In the final paragraph there was a commitment to an ‘Integrated Security, Defence and Foreign Policy Review’, which, after a pause caused by the COVID-19 pandemic (to assess likely direction as the UK weathers human and economic misery) is now underway again.

The signs do not look promising, with a national newspaper report  suggesting the amphibious forces could be gutted and the RAF’s airlift capabilities hacked back. The Army will supposedly lose 19,000 soldiers alongside a potentially rather premature discarding of the entire Royal Navy mine-hunter force. The latter continues to provide a reassuring presence and do very valuable work around the globe. For example, the mine-hunters clear up unexploded mines in European waters and ensure the strategically important Strait of Hormuz stays open.

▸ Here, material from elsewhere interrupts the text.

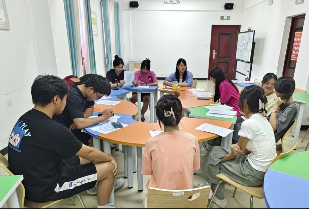 活动通过"信息接龙"破冰游戏迅速活跃现场氛围,"鸡蛋变凤凰"趣味竞技有效提升团队凝聚力。在核心环节中,黄老师创新运用"生涯彩虹图"理论帮助员工认知人生角色定位,通过"心境识别"活动引导成员开展自我画像与互评交流。结合霍兰德职业兴趣理论制定个人职业目标及在校行动计划,黄老师逐一给予指导。最后,黄老师邀请大家围成一个大圈,参与者依次用一个词或一句话表达了参与本次团体辅导活动的感受和收获。

Under threat: A Royal Navy mine-hunter leads a coalition group in Arabian waters, helping to ensure sea lanes stay open for trade. Photo: US Navy.

The peerless 3 Commando Brigade Royal Marines – which led the fight to retrieve the Falklands in 1982, spearheaded the UK part of 2003 invasion of Iraq and fought valiantly against the Taliban in Afghanistan – will supposedly be broken up. Its amphibious ships, which can perform so many valuable roles for the UK, will be decommissioned at the very moment nations with global interests – like the Global Britain that Bo Jo desires – are expanding their fleets of such vessels.

In effect, the alleged proposed cuts would discard the UK’s ability to project conventional power around the world, abandoning the ability to rescue British citizens from war zones, while removing its best means of guaranteeing the delivery of Humanitarian Aid and Disaster Relief (HA/DR) into devastated regions. Or on the homeland front, to provide the NHS with offshore medical and logistical support to fight coronavirus if asked.

Gone also would be the British ability to contribute significantantly to a coalition campaign on land, in the air or at sea, with the UK slumping to the status of a malformed military weakling with imbalanced forces – bloated at one end with nuclear missile submarines and strike carriers while being malnourished at the other, with hardly any tanks, ships, aircraft or troops.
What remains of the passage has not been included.